The “bootstrap” portion of debootstrap stands for the process of turning an otherwise useless lump of hardware into a computer that can start doing things. QEMU lets us emulate different lumps of hardware, x86-Intel-style in this case, which we “power on” whenever we run that command line. It gets bootstrapped every time we do. Bootstrapping comes even before loading what we traditionally think of the operating system. When power hits the hardware, a program called a “boot loader” starts running from firmware built into the hardware.
Actually, there are 2 phases in bootstrapping, since a minimal boot loader in the hardware hands over control to a larger boot loader found on the hard drive. The tiny boot loader is sometimes called the initial program loader or IPL, built into the firmware. This runs the same way whether you’re booting into Windows, OS X, Linux, or any other operating system. For example, to get the PC you’re working on booted, your IPL turned control over to the Windows boot loader. QEMU has a software-based emulated boot loader, which we can hand control over to any operating system’s larger hard drive-based boot loader. We will hand control over to a program called Lilo or Grub, the two most popular boot loaders in Linux.
We could just as easily turn control over to a Windows or Mac boot loader. So, our QEMU virtual computer could actually be a little Windows or Mac running in a box on our PC based on what we do next. But per the name of the tool we’re using to do the next step, debootstrap, all we’re going to do is boot an extremely bare-bones Debian system, which still won’t really even boot yet. There will still be a few more steps. All debootstrap does is create the Linux directory structure on a destination drive, and copy a bunch of files over, but not a Linux kernel, users, or network configuration. We’re still going to install a kernel, setup users and network configuration files ourselves.
So go ahead and trigger off debootstrap telling it what architecture we’re installing on, what version of Debian Linux (or Ubuntu) that we want, and where to download it from. It’s going to retrieve and validate a ton of files.
And remember if you rebooted since the last step, the sda1 location needs to be mounted first:
mount /dev/sda1 /mnt/sda1
debootstrap –arch i386 squeeze /mnt/sda1 http://ftp.us.debian.org/debian
It’s going to take quite some time for this to finish, as it actually is pulling down all the files from the repository. When it’s done (about 10 minutes), it should look something like this:
Remember, your system still won’t be able to boot. It has the following issues:
There is no Linux kernel installed. That’s right! Even after all this file copying, the core most important piece of the operating system isn’t automatically installed. I think this is because debootstrap is so frequently used to install base Linux systems on detachable media booting from other CPUs and devices. While the –arch (architecture) parameter of debootstrap is enough to make a base Debian install, there are so many nuances in choosing the correct kernel (less hardware abstraction), that they make you make the deliberate choice.
And there is also no hard drive-based boot loader. The initial program loader (IBL) is there, but it doesn’t have the larger boot loader to hand control over to. So if you rebooted now, the IBL wouldn’t find the boot loader, and even if it did, the boot loader wouldn’t find the kernel.

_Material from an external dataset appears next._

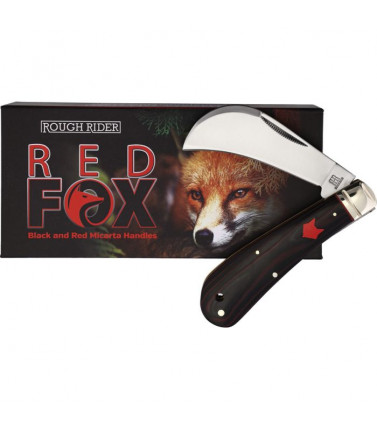 $21.99Rough Rider single blade Red Fox Hawkbill (Pruner). Black and Red Smooth Micarta handles with red liners. Red Fox inlay shield. Pinched and struck nickel silver bolsters. Brass pins and liners. Stainless steel blade.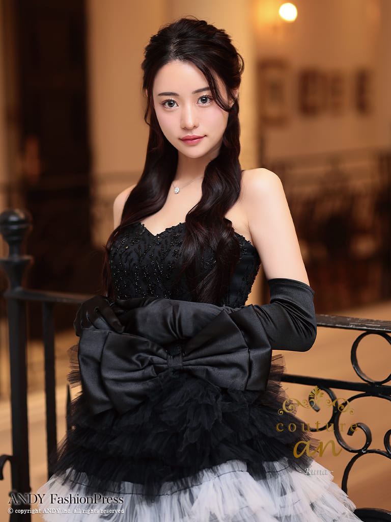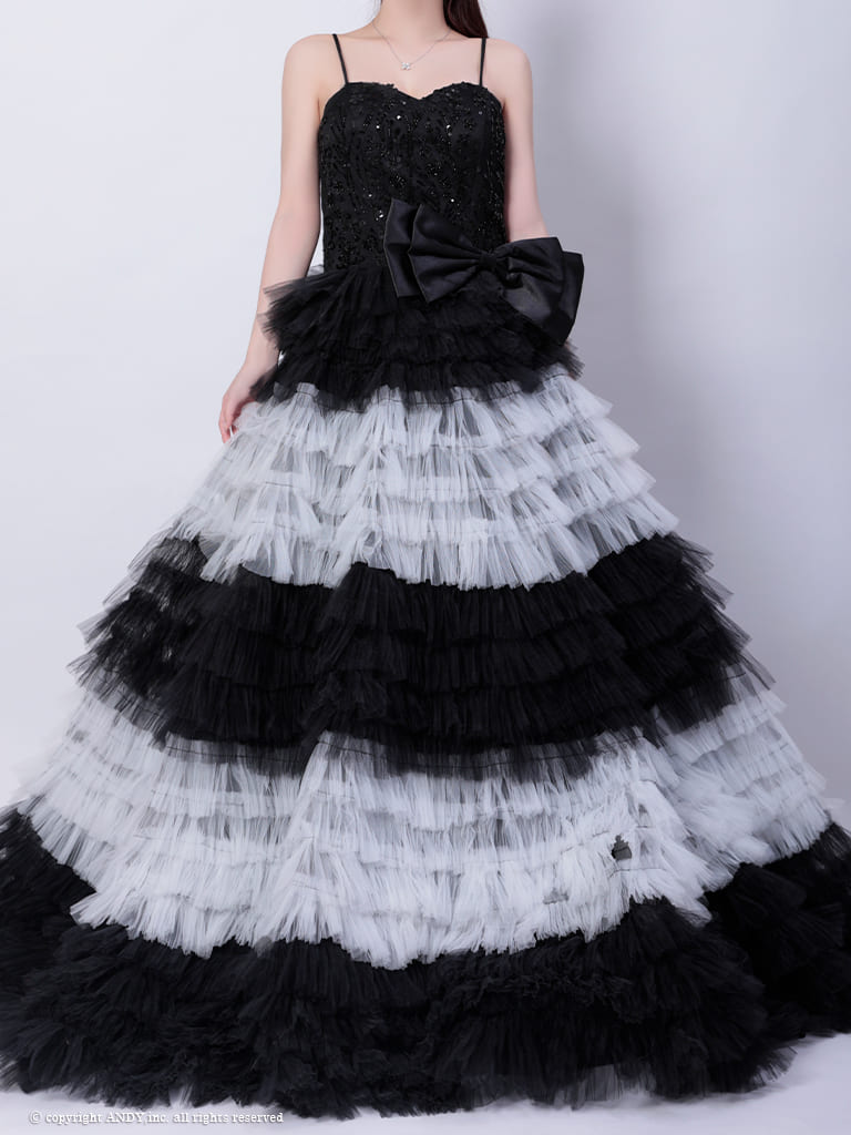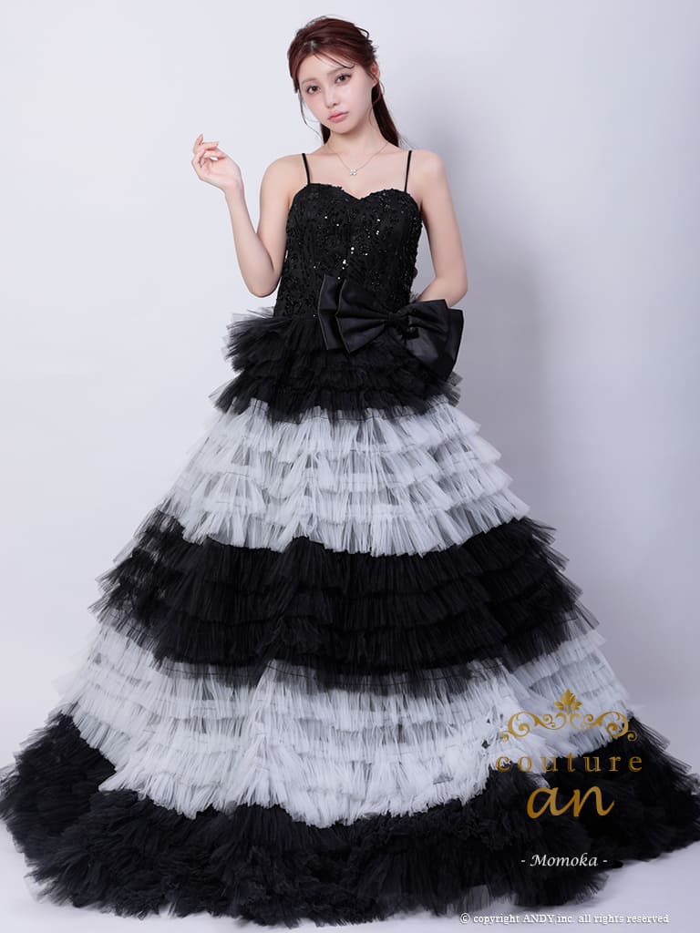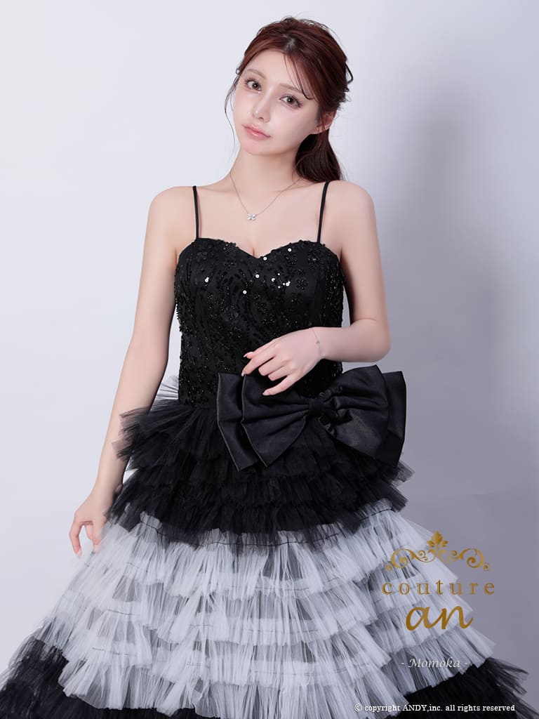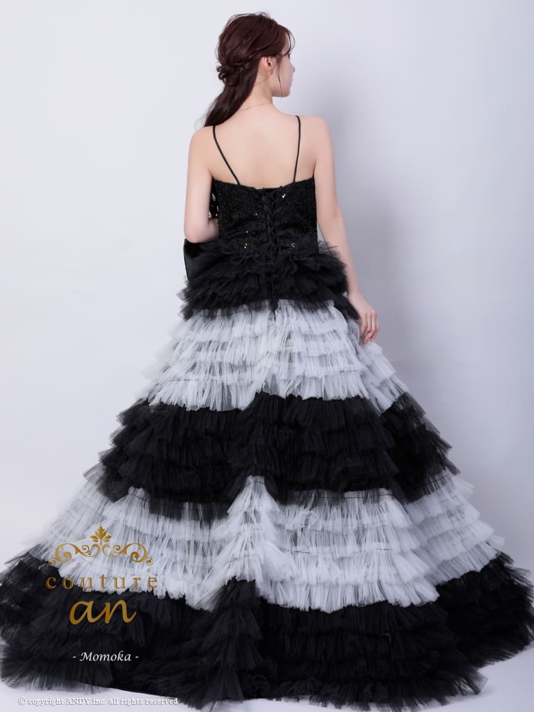 5. [couture an/クチュールアン] 高級 バースデー キャミソール ビジュー スパンコール リボン チュール フリル Aラインロングドレス

But wait, there’s more! Even if the boot loader and kernel were found, it wouldn’t know what devices to mount and use as swap drives, etc. The boot loader will only go as far as to tell the system the location of the boot drive and the kernel. The rest has to be set by editing a file called /etc/fstab (file system table). This is where you can mount non-auto-mounting devices, namely your swap partition. So we will have to edit a text file. Maybe I will introduce you to vi (vim) this early. Hmmmm.
Oh yeah, did I mention that there’s no users set up other than root, and root has no password set, so that even if you did install the boot loader and kernel, you’d be locked out. So we’re going to have to create a user that can be promoted to admin privileges with sudo, or alternatively give root a password, and log in as root–a practice that is generally discouraged so that hackers are wasting their time on root instead of an account whose name they’d have to guess.
And one more thing. The files that configure the network are not set up. So, we will have to create an /etc/network/interfaces file where you set up little details like you’re going to be using the DHCP service on your network. You can set it up with a static IP, but given the fact we’re probably going to carry this thing around on a thumb drive, it’s best to set it up to use DHCP.